A few generalizations may be made concerning a public university’s ability to restrict artistic expression on its campus, though it must be kept in mind that the Supreme Court has never directly addressed the issue.
The deciding issue is often whether the art or performance is shown in a place that is generally considered a “public forum,” or if the school has placed certain content-based restrictions on what may be displayed. If the art is shown in a location in which the public has previously been invited to speak or present artwork, then anything that does not violate the local standards of obscenity will be protected under the First Amendment.
If the display area is not a public forum, however, some courts have held that the school may place reasonable restrictions on the subject matter of the exhibits, though not on the artist’s viewpoint. For example, they may ban art portraying athletics in general, but may not ban art that exalts only athletes of a particular race. In this way the institution retains a measure of control over its campus but is prevented from discriminating against pieces of art because of their viewpoint or, potentially, because they evoke a negative reaction from some observers.
Plays and movie showings are afforded some extra protections from censorship because they are not generally shown in broad view of passersby, but rather in closed settings for audiences that want to be there. Displays of visual art, which are sometimes in plain view of the public, are subject to different rules.
Political speech in any form is particularly protected by the First Amendment. As a result, unless a school has placed a prohibition on political expression in a certain location, art that contains any element that may be construed as a political message (such as an exhibit at the Art Institute of Chicago in which observers were encouraged to step on an American flag), will be all but immune from censorship.
Works that involve racial or sexual themes, however, may be subject to relocation or removal. In Lahme v. University of Southwestern Louisiana, a 1997 state case in which a sculpture bearing obscenities and racial epithets was placed on a college campus near an elementary school, the Louisiana Court of Appeals found that it was not a violation of the artist’s freedom of expression for the sculpture to be moved to a different, less-visible part of the campus, so long as the work was not completely removed. While not affording artistic expression the same protections as verbal speech, the court recognized that the right of an individual to communicate his or her point of view does not end with the spoken word.
Courts have generally decided in favor of university officials’ right to remove or relocate art exhibits. In Piarowski v. Illinois Community College (1985), the 7th U.S. Circuit Court of Appeals considered a state college's decision to relocate a controversial art exhibit from a prominent ground-floor gallery to a less prominent fourth-floor space. Given that the gallery was not generally open to the public, the court decided that the gallery was not a public forum for First Amendment purposes. Furthermore, the court concluded that "relocation is not suppression” and the college's decision did not violate the artist's First Amendment rights.

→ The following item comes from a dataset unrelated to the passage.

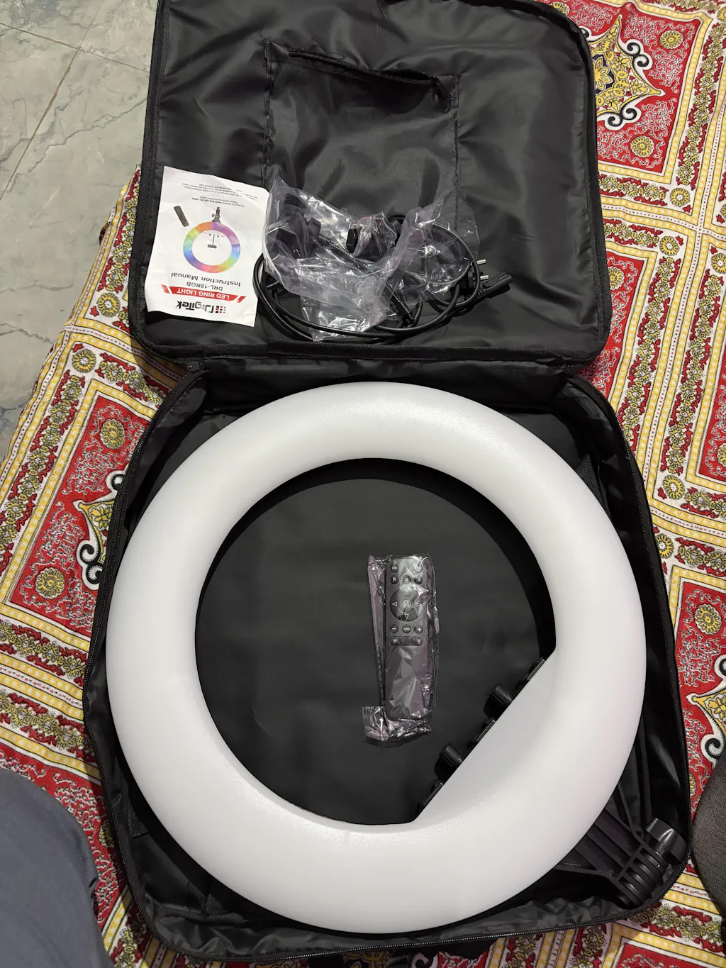 | Mounting Hardware | Hot shoe mount, Carry Bag, Ring light body, Remote, Smart phone mount |

Similarly, in the 1970 case Close v. Lederle, the 1st U.S. Circuit Court of Appeals reversed a lower court's finding of a First Amendment violation when a state university removed a controversial art exhibit from a display corridor. The exhibit included nude paintings of men and women with very detailed genitalia. Though the corridor was regularly open to the public, unlike the gallery in Piarowski, the court weighed the interests of the artists against the interests of the public, which included children, who walked the corridor daily. The court reasoned that there was no suggestion that the artist sought to express any political or social views in his art, making his constitutional interests minimal.
The U.S. Supreme Court refused to hear either case.